IPOs surge as investors rotate to find next trillion-dollar tech champion – ECM Pulse North America
US IPOs are surging as global investors rotate capital into emerging tech names, seeking exposure to the next generation of trillion-dollar disruptors transforming the technology industry.
Syndicate desks are expanding order books to accommodate a buyside desperate to deploy capital — countering the narrative of waning US exceptionalism that has lingered over equity markets since the start of the year.
Three recent high-profile tech IPOs — CoreWeave, Circle Internet Group, and Chime Financial — have all significantly outperformed benchmarks, reflecting strong investor appetite for AI, cryptocurrency, and digital banking disruption. CoreWeave, an AI hyperscaler, has rallied 296% since its 27 March debut. Circle, the US stablecoin issuer, has soared 387% since its 4 June listing, while Chime has gained 37% since going public on 11 June.
Their “magical” IPO performances, said an ECM banker, showcase a unique corner of the US capital markets where investors are eagerly backing ambitious growth stories in search of the next trillion-dollar giant to rival the so-called ‘Magnificent Seven’. “The US excels at creative destruction,” he said. “You can lose a lot of money — but if you pick the right ones, the upside is enormous.”
The Nasdaq 100 is up roughly 3.5% year-to-date and 25% from its post-‘Liberation Day’ lows, and investors are increasingly questioning the upside potential of the ‘Magnificent Seven’ — including Meta, Apple and Alphabet — with AI ushering in the most profound disruption the industry has seen in decades.

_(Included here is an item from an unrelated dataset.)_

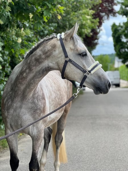 A dream horse for everyone! This now 6yo gelding by Cellestial x Vingino x Heartbreaker already has a lot of experience and is super brave and easy to ride. He has already won 10 times young horses class up to 1.20m and was many times placed. He is very comfortable to ride on the flat and has safe automatic lead changes. He is a pleasure to work with every day and has enough scope for a future GP showjumper, but is also easy enough for every amateur. Also suitable as a Hunter or Equitation horse. Out of the same dam are already two 1.50m showjumpers. Height is around 16.2.

“Investors are asking whether companies like Meta or Apple can really triple in value again, given how far they’ve already come, and the huge challenges ahead,” the ECM banker said. “These businesses will need to rapidly pivot to AI models and compete with the next generation of trillion-dollar disruptors.”
A US venture capital investor concurred that the massive jump in price in US IPOs was a sign of investors pivoting to pick the next mega-cap technology champion. While these businesses rise, however, there might also be losers in the form of slower adopters.

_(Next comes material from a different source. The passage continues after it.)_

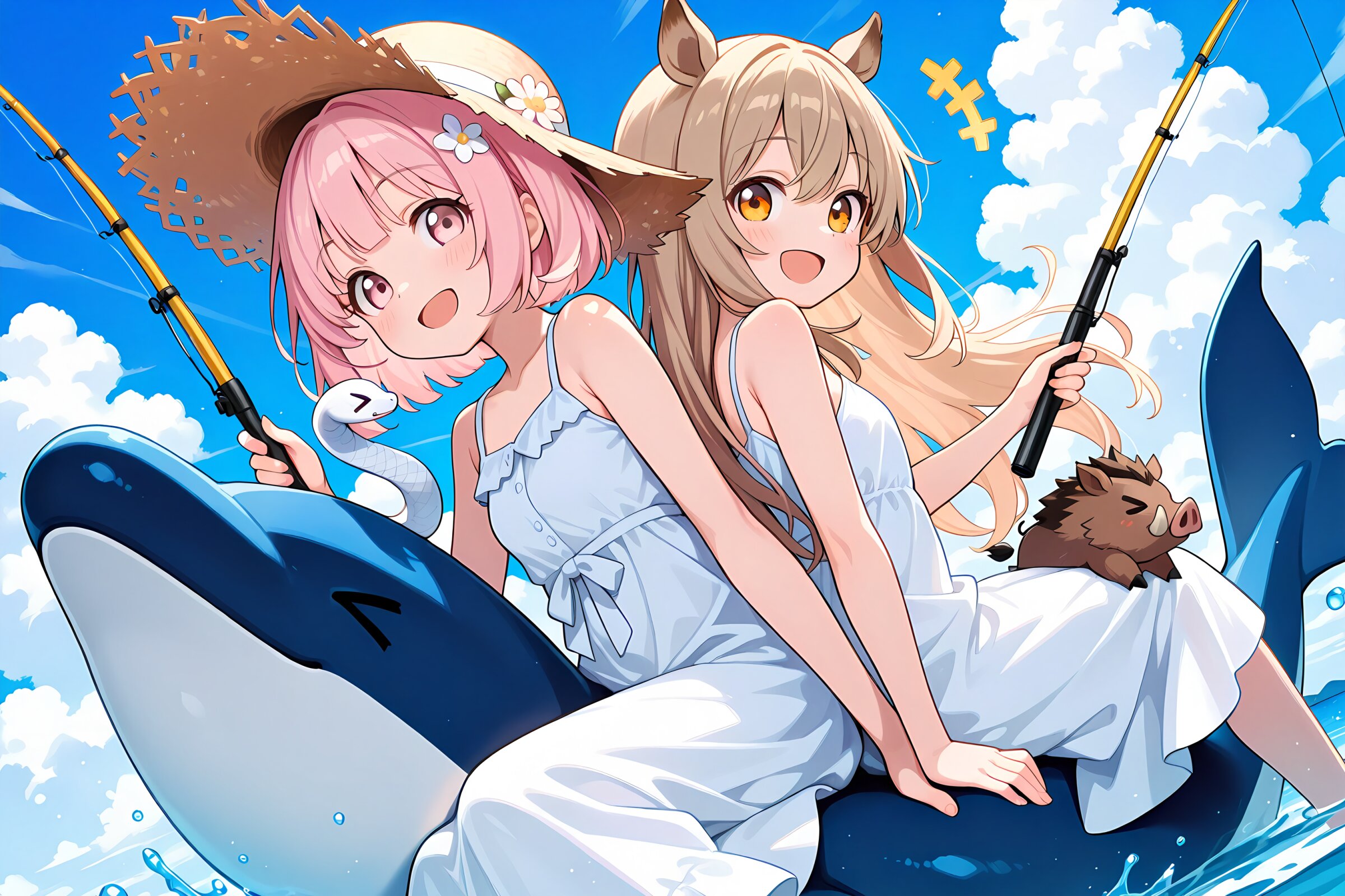 2 little girls, solo, diagonal angle, symmetrical pose, back-to-back, masterpiece, best quality, amazing quality, very aesthetic, light pink hair,light pink eyes, loose wavy hairstyle, short bob cut,floral hair accessory, happy smile, open mouth, cheerful, notice lines, +++, white summer dress, long skirt, straw hat, holding fishing rod, sitting on huge dolphin, (little white snake:1.2), > <, sunshine, cumulonimbus cloud, BREAK 2 little girls, solo, diagonal angle, symmetrical pose, back-to-back, masterpiece, best quality, amazing quality, very aesthetic, light brown hair, long hair, amber eyes, (wild boar's ears:1.2), happy smile, open mouth, cheerful, notice lines, +++, white summer dress, long skirt, (straw hat:1.2), holding fishing rod, sitting on huge dolphin, little wild boar, > <, sunshine, cumulonimbus cloud,

“Product-led growth companies that rely on fast, user-driven adoption are more vulnerable since AI makes building and switching products easier,” the investor said. “The winners will be the ones with the strongest data moats and most sophisticated AI capabilities.”
Demand for more
The ECM banker added that the demand for US tech is being driven by the same forces drawing global asset managers to traditionally under-owned European stocks: the opportunity to close valuation gaps with richly priced US peers.

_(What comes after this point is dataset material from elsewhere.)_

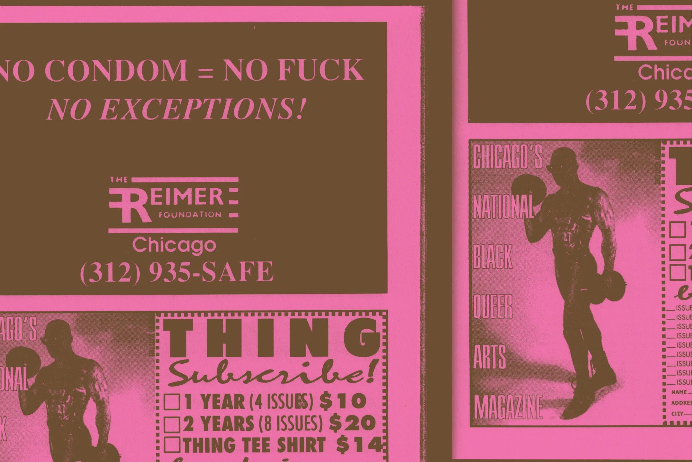 In 1989, three Black gay men from the South Side of Chicago—Robert Ford, Trent Adkins, and Lawrence D. Warren—started THING. It was a kind of grassroots publication that captured the essence of a special subcultural corner of the world—Black, gay, house culture and politics, at once very specific to its time, yet timelessly resonant; a zine that was both very Chicago, while reaching far beyond the geographic bounds of its makers. THING existed in the way only a project of collaboration, immersed in the world it also reflected, could be. THING featured interviews with prominent Black queer figures of the time, like the academic and poet Essex Hemphill, and filmmaker Marlon Riggs, whose seminal documentary, Tongues Untied, came out the same year as the zine’s first issue. Adkin’s “Tee” column included stories about Chicago’s Black and gay party scene, documenting minute yet profound changes as they were happening.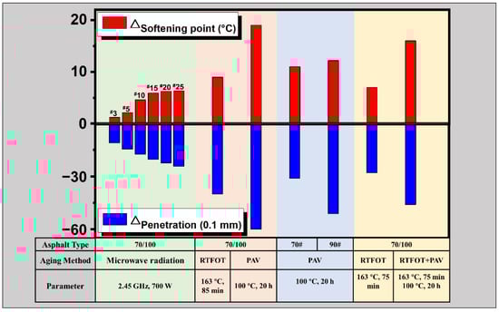 In Section 4.1 and Section 4.2, laboratory study is conducted to estimate the microwave aging effect on asphalt binders by characterizing the changes in the rheological properties and molecular structures. Considering the fatigue lives derived from the LAS tests, the microwave radiation does cause aging on asphalt binders, especially during the initial applied MH cycles. Under the conditions of this study, an obvious deterioration of fatigue lives can be observed within 10 MH cycles, while minor changes can be detected during further MH cycles, and the aging indexes acquired from FTIR agree well with this trend. To intuitively analyze the extent of the aging degree caused by microwave radiation, Figure 6 compares the penetration and softening point parameters obtained in this study with other findings reported in the literature testing similar asphalt type with different aging methods according to NS-EN 1426 and NS-EN 1427 [53,54]. Considering the results attained in this study after cyclic MH treatment, the values follow the similar changing trend as Nf indicated in LAS tests. The changes in physical properties are relatively apparent during the first few cycles and then level off after 10 cycles. When comparing these outcomes with the laboratory aging data collected from other tests [55,56,57], the deterioration reported by MH technology is not considerably significant. Therefore, bearing in mind the various benefits of MH technology (rapidity of execution, uniform and non-polluting treatment, deep penetration), the aging impact on asphalt binders is within an acceptable range. Furthermore, other interventions, such as adding encapsulated rejuvenators, adjusting microwave heating parameters, and selecting the proper microwave maintenance frequency, could hinder aging, to some extent.

Several European block trades have been heavily oversubscribed, forcing banks to upsize deals to meet the sheer quantum of demand.
That trend has accelerated since early May, coinciding with an equity rebound following US President Donald Trump’s “Liberation Day” tariff pause.
The same dynamic is evident in US IPOs.
In the first quarter, when trade tensions weighed on sentiment, new US listings were downsized by a weighted average of 6% between initial offer and final pricing, according to Dealogic data and calculations by this news service.
But since the 90-day tariff pause, the narrative has flipped. US IPOs have been upsized by a weighted average of 23.7%, according to the same data and calculations.
A second ECM banker noted a shift in investor mindset: “They’re paid to go out and put money to work” — not sit on the sidelines holding cash. That’s driving a much more proactive posture, he said.
“One way that investors are being proactive is by leaning back into growth. There’s still a significant lack of growth in many portfolios,” the banker said. “Even companies with modest growth are attractive compared to what’s broadly held today.”
Not every bet will pay off. But the potential rewards from getting in early on the next tech IPO champion are simply too great for investors to ignore.